Solve x for Inverse of y=sqrt(x^3+x^2+x+1) - Help Needed

[yoyo]

what is the inverse of of y=sqrt(x^3+x^2+x+1)

i know u are suppose to solve for x but having trouble...help please

 

[dextercioby]

Why don't u do it?
$$x^{3}+x^{2}+x+1=y^{2}$$

U need to solve this cubic for "x".Use Cardano's formulae.

Daniel.

 

[thepatientmental]

To find the inverse of a function, you need to switch the roles of x and y and solve for y. In this case, we have:

y = sqrt(x^3 + x^2 + x + 1)

Switching the roles of x and y, we get:

x = sqrt(y^3 + y^2 + y + 1)

Now, we need to isolate y on one side of the equation. To do this, we will square both sides:

x^2 = y^3 + y^2 + y + 1

Next, we will rearrange the terms to have the y terms on one side and the constant terms on the other side:

y^3 + y^2 + y = x^2 - 1

Now, we can factor out a y from the left side:

y(y^2 + y + 1) = x^2 - 1

Next, we can use the quadratic formula to solve for y^2 + y + 1:

y^2 + y + 1 = (-1 ± sqrt(1^2 - 4(1)(x^2 - 1))) / 2(1)

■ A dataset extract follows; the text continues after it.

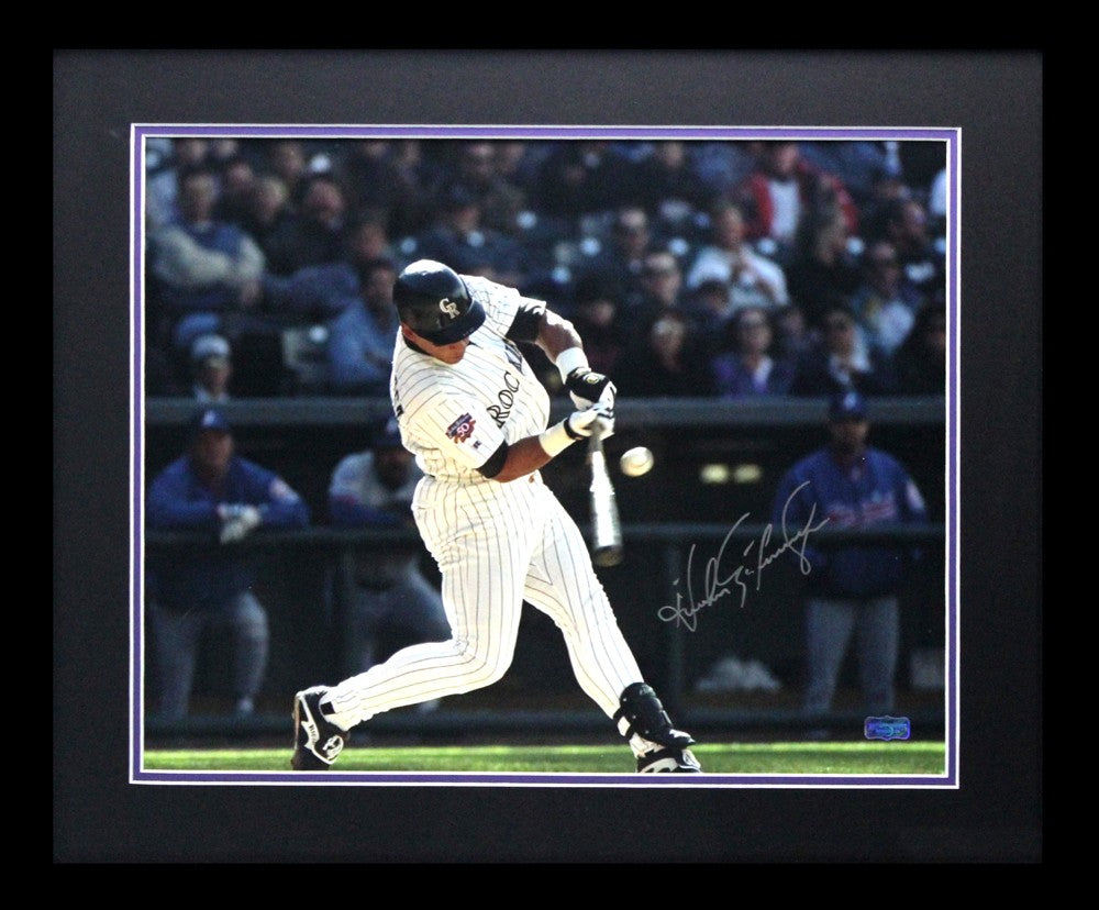 A Colorado Rockies 16x20 Framed ball on bat Photo hand signed by Andres Galarraga. The item and signature are in excellent condition. Galarraga is a 5x All-Star, won two National League Gold Glove Awards, two NL Silver Slugger Awards, and won the MLB Comeback Player of the Year Award. AUTHENTICATION: The item is accompanied by a Certificate of Authenticity - Serial Numbered and Databased Hologram - picture of Andres from the signing.

= (-1 ± sqrt(4x^2 - 3)) / 2

Therefore, our inverse function is:

y = (-1 ± sqrt(4x^2 - 3)) / 2

Note: This is a piecewise function, meaning it has two different branches depending on the value of x. If x is positive, then the inverse function is:

y = (-1 + sqrt(4x^2 - 3)) / 2

If x is negative, then the inverse function is:

y = (-1 - sqrt(4x^2 - 3)) / 2

I hope this helps! If you are still having trouble, I would recommend practicing more with solving equations and using the quadratic formula. Good luck!